Monday, November 19, 2007

Diatribe












Looking at this photo I am reminded of a conversation about poetry. In the conversation I talked about poetry being ostensive (in the Wittgensteinian sense of an ostensive definition) --I said that poetry points to something. The "I" of the poem points to memories, concepts, "mind stuff" inside the reader.

Pictures do the same thing. The criteria used to distinguish good photographs are the same criteria used to distinguish good poems. Now, a good photograph isn't just one that is clean; it is good because it points to the right event in the viewer's personal and cultural memory. I am no photographer, and from the technical perspective this photo might be seen as a failure, but ostensively it points in the right direction. Obviously I am biased, but I think that even if I were to come upon this image randomly I would pause for a moment. The composition reminds me of Gustav Klimt, and the profile reminds me of Anna Akhmatova. These two sparks are enough to make me stop and think: "Who is she?" "Why is she smiling?" "Where is all this taking place?" My attempt to answer these questions is the poem created by the image. It is like that moment when Walter Pater encounters the Mona Lisa in Studies in the History of the Renaissance.

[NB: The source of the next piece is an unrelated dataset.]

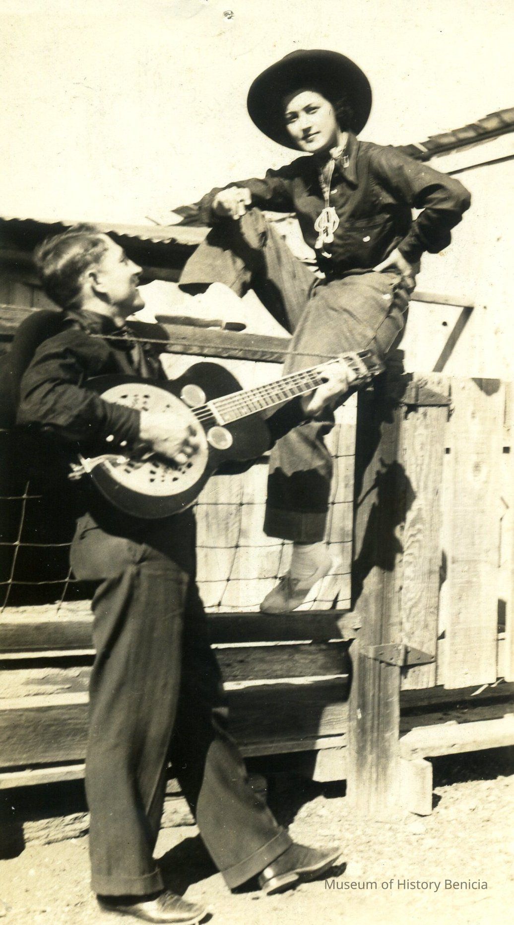 B/W Photograph - Unidentified man and woman, he is seranading her and using a guitar; they are dressed in early California costumes; 3" x 5"Collection

I find it odd that people still talk about Adorno's saying about poetry after the Holocaust, but rarely raise the possibility of poetry after Dickinson or Eliot. For me it seems just as much a challenge, and every poem for me has to be audacious enough to say: "me": "I am just as, or even more, worthy".

The poem must point to the right place inside the reader. In this sense a poem is a sort of field marshal. It does not try and coax its readers, but orders them to attention, and proceeds to give precise instructions to get the job done. Which is? Which is that near impossible task of showing an individual a "better" way of thinking. How does the poet convince someone to think "better"? Here you were reader, thinking your thoughts and now I, the poem, propose you listen to me, because I think better for you. This is absurd, and this is precisely why poems are almost never read anymore, and also why the few readers still left are incredibly passionate. If a poem does actually manage to make us think "better" it is a profound experience in our time. Readers (American readers especially) are recalcitrant --they have their own "opinions". A poem is a field marshal; it is not a piece of fiction which coaxes the reader into a kind of docile pleasure. Good fiction beguiles the reader like an experienced odalisque. It is no surprise that fiction should do so much better in a world where the "consumer is always right".

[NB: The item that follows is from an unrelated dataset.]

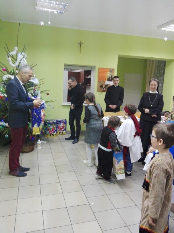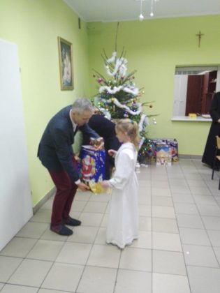 19 grudnia w świetlicy dla dzieci przy Parafii Wniebowzięcia NMP w Żaganiu odbyło się świąteczne spotkanie wigilijne, przygotowane przez dzieci, siostrę Ewę ze Zgromadzenia Sióstr Adoratorek Krwi Chrystusa oraz wolontariuszy. W uroczystości wziął udział Zastępca Burmistrza Sebastian Kulesza i przedstawiciele Urzędu Miasta. Dzieci wprowadziły gości we wspaniały nastrój Świąt Bożego Narodzenia przedstawieniem jasełkowym oraz wspólnym kolędowaniem, które sprawiło wszystkim uczestnikom spotkania mnóstwo radości. Był czas na życzenia, podzielenie się opłatkiem oraz serdeczne uściski. Sebastian Kulesza życzył najmłodszym zdrowych, spokojnych, radosnych świąt i wspaniałego nadchodzącego Nowego Roku 2019 oraz wręczył paczki świąteczne, pełne słodyczy i zabawek. Na zakończenie przyszedł czas na słodki poczęstunek przy wigilijnym stole w prawdziwie rodzinnej atmosferze.

A poem doesn't have time, it only has one chance to point in the "right" direction. The problem with most poems today is that they don't point anywhere, but unlike fiction they don't beguile either. Poems have seceded the job of marshaling, but are still too proud to take a job in the brothel. No wonder no one reads poetry anymore. It's not that there are more forms of media. It's that all the good poets don't think they are good anymore. People still read books, and in fact the poem is more fitting for a century built upon sound bites and youtube clips. It's just that the poets have stopped being poets. There is no authority in poems! What is the point of writing more poetry if it isn't better than what's already been written! Why should a reader follow the words of an inferior commander? One can definitely settle for a less than perfect whore, but one cannot be so compromising when it comes to choosing the right generals. If there are no more generals among our poets then poetry really is hurting in a bad way.

Now I am not saying that any poet is really better than say Denise Levertov. I am saying that a poet shouldn't bother writing if she doesn't believe she is better than every poet before her; she must feel best suited to lead the minds of her contemporaries. The good poet must feel as if she were a superb leader of minds --she must move the mind of the reader to ask the important questions.